# hummerbee lights



## EastSideBuzz (Apr 12, 2009)

On the swinger they are Amber lights. Now they do still fly to them just not as much as a white light. 

Now these look cool

http://www.jeep4x4center.com/led-5-...campaign=cse&gclid=CM2bpc33hboCFSVBQgod9EgAbg


----------



## Sadler91 (Nov 6, 2011)

I use red lights. Bees can't see red so it makes them sit still for the most part. Harder to see with the red. Thats the only con


----------



## EastSideBuzz (Apr 12, 2009)

Sadler91 said:


> I use red lights. Bees can't see red so it makes them sit still for the most part. Harder to see with the red. Thats the only con


I am color blind so red is really tough to see.

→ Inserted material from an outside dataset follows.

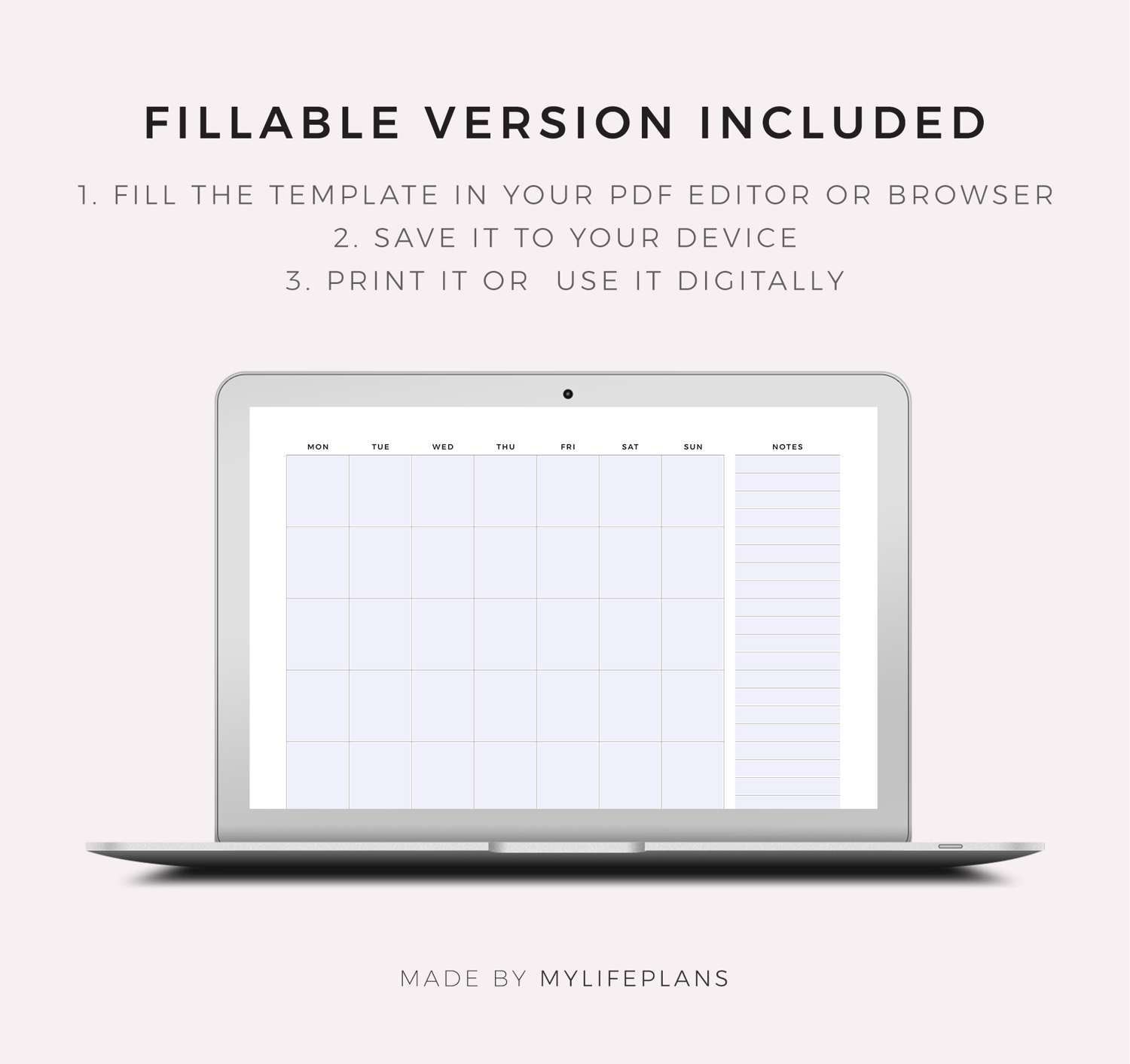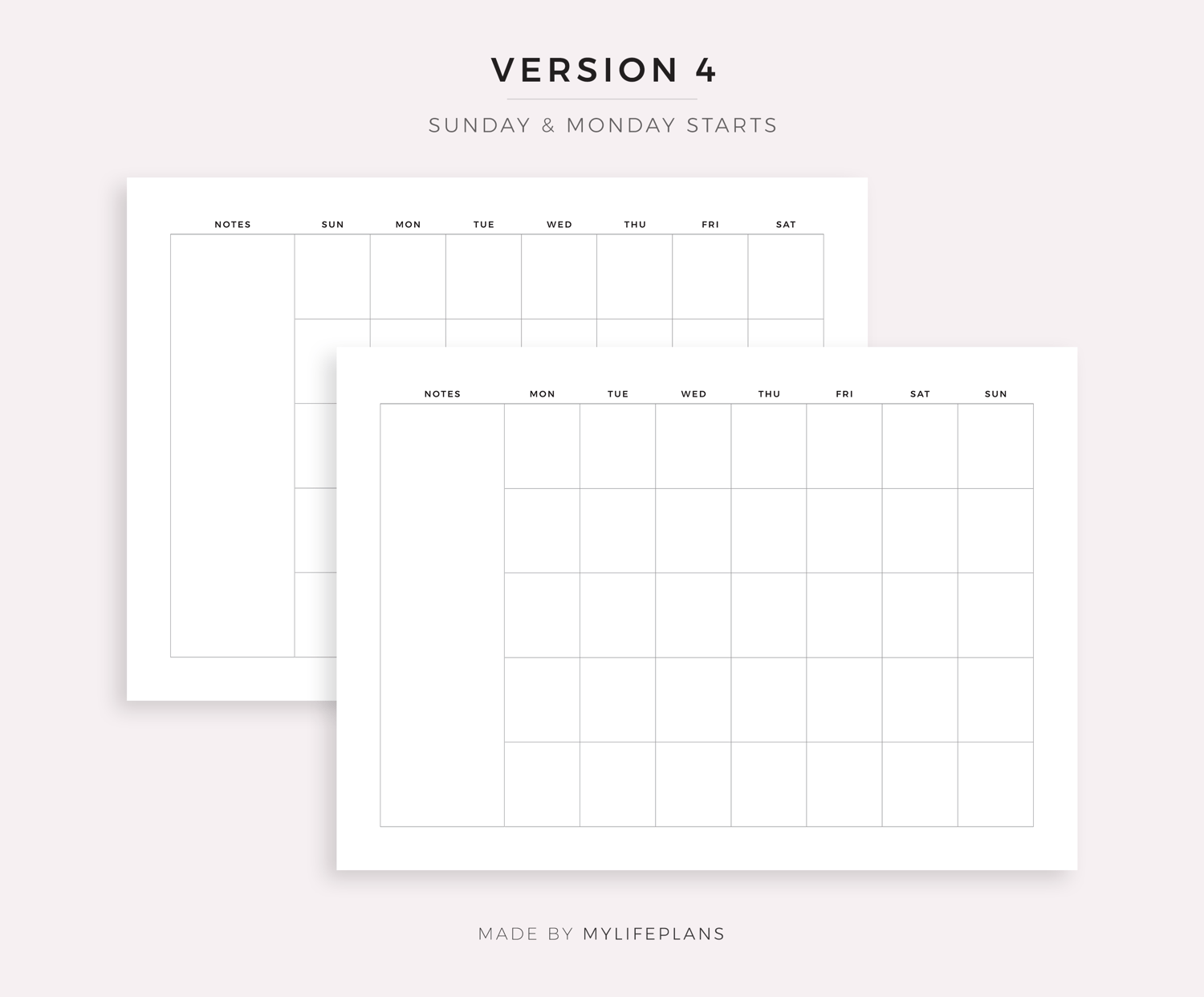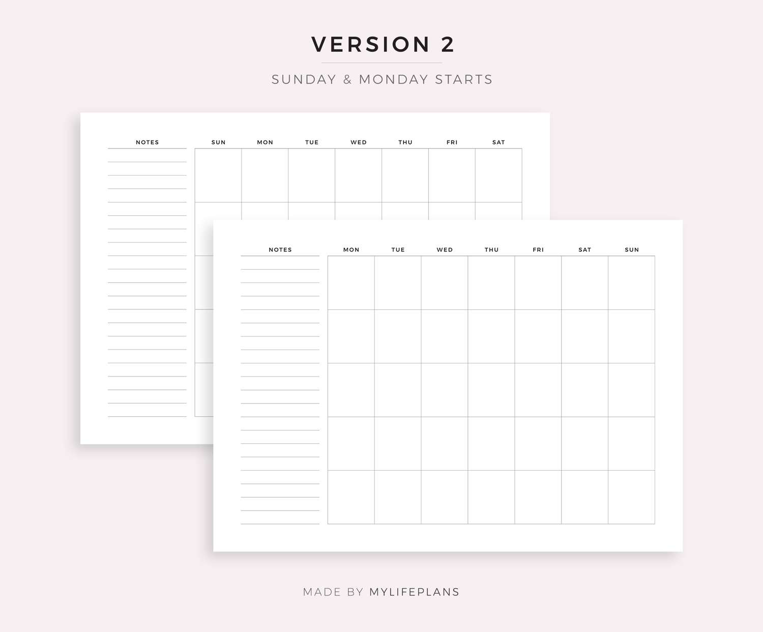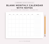 Blank Monthly Calendar with Notes, Landscape, Printable & Fillable, A4/Letter Size

I would not see the forklift even coming.


----------



## stevethebeeman (Mar 27, 2013)

They are a amber lens that they fit over a white seal beam light you may need to order the lens don't see to many around


----------



## Ben Little (Apr 9, 2012)

where do they sell the amber lenses ? I have looked for them around canadian sites and local auto stores , and all I can find is 120-180 LED lights EACH ! Way too expensive for a light.


----------



## stevethebeeman (Mar 27, 2013)

Ben Little said:


> where do they sell the amber lenses ? I have looked for them around canadian sites and local auto stores , and all I can find is 120-180 LED lights EACH ! Way too expensive for a light.


I believe you can get them from http://www.hummerbee.com/ might have to place a call not sure if you can order them online


----------